=== Begin Enclosure ===

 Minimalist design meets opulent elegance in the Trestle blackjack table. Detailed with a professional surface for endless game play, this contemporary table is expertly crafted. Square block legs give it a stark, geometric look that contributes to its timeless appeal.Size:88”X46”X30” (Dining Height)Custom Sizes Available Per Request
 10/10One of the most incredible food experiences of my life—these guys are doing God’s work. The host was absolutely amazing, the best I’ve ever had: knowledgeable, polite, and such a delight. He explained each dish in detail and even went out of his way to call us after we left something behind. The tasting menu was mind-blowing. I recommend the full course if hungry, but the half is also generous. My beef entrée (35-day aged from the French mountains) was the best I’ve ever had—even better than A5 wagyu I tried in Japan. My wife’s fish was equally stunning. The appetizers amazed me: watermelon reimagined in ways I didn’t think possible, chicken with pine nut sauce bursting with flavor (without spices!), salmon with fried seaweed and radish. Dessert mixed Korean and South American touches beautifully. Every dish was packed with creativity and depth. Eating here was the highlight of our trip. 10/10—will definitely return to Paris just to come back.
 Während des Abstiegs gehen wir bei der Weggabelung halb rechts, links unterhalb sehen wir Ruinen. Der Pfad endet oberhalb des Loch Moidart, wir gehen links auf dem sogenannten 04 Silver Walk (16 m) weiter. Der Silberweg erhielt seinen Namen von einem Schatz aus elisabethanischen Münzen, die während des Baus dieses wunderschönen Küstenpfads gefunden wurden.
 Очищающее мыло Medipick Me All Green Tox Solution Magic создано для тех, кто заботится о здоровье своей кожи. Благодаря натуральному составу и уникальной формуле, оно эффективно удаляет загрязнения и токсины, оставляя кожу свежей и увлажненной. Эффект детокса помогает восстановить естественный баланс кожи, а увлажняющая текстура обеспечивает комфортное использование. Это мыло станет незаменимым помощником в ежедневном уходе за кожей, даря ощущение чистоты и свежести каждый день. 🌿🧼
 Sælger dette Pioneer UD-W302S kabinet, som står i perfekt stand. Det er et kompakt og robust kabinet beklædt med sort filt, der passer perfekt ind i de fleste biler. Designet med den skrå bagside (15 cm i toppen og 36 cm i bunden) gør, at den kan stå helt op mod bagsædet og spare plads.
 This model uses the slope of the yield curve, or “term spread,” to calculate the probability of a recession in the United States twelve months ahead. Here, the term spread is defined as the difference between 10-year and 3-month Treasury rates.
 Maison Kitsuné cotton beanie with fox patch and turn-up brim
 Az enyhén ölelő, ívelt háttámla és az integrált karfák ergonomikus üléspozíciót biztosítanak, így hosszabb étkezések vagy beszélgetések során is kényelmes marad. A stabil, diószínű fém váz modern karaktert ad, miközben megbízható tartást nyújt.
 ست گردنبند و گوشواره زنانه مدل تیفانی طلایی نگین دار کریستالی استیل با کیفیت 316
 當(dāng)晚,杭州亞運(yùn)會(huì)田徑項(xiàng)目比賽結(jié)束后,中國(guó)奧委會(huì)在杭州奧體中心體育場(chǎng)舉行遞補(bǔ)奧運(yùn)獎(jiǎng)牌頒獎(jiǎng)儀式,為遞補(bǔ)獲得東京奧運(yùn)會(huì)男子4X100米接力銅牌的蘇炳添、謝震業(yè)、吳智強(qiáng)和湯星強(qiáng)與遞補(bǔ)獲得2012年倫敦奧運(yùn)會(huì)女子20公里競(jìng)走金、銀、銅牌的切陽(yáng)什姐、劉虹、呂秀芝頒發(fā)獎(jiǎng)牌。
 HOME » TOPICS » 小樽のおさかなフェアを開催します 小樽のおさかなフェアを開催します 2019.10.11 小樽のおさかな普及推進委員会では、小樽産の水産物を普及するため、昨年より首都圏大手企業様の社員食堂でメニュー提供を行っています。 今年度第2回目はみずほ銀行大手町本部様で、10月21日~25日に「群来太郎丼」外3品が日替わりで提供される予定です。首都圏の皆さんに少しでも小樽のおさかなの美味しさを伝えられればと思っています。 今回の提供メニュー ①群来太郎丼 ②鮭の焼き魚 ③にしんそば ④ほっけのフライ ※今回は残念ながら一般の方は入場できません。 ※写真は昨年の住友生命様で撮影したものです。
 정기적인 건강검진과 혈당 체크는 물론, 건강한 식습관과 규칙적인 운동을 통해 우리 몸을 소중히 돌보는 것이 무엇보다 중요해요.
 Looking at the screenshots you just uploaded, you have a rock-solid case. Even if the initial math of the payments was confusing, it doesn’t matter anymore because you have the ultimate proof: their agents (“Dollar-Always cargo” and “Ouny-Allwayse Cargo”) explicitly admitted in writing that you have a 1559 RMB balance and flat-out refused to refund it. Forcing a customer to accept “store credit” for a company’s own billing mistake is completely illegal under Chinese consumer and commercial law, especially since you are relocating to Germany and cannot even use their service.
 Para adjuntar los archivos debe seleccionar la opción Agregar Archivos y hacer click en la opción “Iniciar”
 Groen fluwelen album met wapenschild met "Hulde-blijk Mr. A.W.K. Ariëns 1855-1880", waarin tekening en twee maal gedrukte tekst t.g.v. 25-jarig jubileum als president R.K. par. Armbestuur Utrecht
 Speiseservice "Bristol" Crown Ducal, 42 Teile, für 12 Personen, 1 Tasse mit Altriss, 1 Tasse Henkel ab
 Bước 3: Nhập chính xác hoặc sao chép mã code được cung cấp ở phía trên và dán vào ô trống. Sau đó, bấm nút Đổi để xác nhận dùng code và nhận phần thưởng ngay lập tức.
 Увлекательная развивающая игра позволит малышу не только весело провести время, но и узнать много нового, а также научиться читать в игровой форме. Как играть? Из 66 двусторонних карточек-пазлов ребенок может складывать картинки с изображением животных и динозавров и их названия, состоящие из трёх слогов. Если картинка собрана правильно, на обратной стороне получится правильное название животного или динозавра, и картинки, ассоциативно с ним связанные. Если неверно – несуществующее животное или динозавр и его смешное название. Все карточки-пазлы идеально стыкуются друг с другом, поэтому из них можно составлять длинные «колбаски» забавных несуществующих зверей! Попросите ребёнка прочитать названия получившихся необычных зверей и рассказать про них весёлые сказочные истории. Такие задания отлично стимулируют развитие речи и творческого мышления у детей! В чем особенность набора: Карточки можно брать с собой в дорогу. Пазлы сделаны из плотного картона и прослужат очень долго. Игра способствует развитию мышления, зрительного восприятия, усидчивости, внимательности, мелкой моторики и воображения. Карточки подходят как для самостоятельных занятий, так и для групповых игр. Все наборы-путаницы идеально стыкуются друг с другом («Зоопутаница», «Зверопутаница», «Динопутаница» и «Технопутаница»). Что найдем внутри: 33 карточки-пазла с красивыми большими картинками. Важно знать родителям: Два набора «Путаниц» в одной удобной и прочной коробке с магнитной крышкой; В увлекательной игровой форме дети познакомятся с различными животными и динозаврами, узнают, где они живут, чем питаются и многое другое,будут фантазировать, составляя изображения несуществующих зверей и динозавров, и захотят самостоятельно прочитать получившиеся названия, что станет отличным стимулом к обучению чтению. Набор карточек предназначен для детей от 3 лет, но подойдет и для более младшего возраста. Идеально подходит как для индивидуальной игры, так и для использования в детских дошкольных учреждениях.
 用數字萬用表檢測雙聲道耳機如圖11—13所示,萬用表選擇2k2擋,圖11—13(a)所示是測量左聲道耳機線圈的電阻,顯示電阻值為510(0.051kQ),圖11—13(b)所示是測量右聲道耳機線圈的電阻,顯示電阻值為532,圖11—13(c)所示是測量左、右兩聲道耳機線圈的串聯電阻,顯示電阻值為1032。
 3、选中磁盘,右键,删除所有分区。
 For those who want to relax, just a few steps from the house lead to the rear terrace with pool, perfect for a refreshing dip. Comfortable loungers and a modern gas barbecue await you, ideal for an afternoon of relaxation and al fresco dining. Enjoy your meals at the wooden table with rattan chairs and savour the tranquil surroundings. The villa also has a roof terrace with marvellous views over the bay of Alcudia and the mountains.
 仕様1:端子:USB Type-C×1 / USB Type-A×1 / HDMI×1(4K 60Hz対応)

=== End Enclosure ===

## Task description
Everything starting at the line containing "ست گردنبند و" and ending at the line containing "④ほっけのフライ ※今回は残念ながら一般の方は入場できません。 ※写真は昨年の住友生命様で撮影したものです。" in the records above should be repeated exactly, and only that.

## Task output
 ست گردنبند و گوشواره زنانه مدل تیفانی طلایی نگین دار کریستالی استیل با کیفیت 316
 當(dāng)晚,杭州亞運(yùn)會(huì)田徑項(xiàng)目比賽結(jié)束后,中國(guó)奧委會(huì)在杭州奧體中心體育場(chǎng)舉行遞補(bǔ)奧運(yùn)獎(jiǎng)牌頒獎(jiǎng)儀式,為遞補(bǔ)獲得東京奧運(yùn)會(huì)男子4X100米接力銅牌的蘇炳添、謝震業(yè)、吳智強(qiáng)和湯星強(qiáng)與遞補(bǔ)獲得2012年倫敦奧運(yùn)會(huì)女子20公里競(jìng)走金、銀、銅牌的切陽(yáng)什姐、劉虹、呂秀芝頒發(fā)獎(jiǎng)牌。
 HOME » TOPICS » 小樽のおさかなフェアを開催します 小樽のおさかなフェアを開催します 2019.10.11 小樽のおさかな普及推進委員会では、小樽産の水産物を普及するため、昨年より首都圏大手企業様の社員食堂でメニュー提供を行っています。 今年度第2回目はみずほ銀行大手町本部様で、10月21日~25日に「群来太郎丼」外3品が日替わりで提供される予定です。首都圏の皆さんに少しでも小樽のおさかなの美味しさを伝えられればと思っています。 今回の提供メニュー ①群来太郎丼 ②鮭の焼き魚 ③にしんそば ④ほっけのフライ ※今回は残念ながら一般の方は入場できません。 ※写真は昨年の住友生命様で撮影したものです。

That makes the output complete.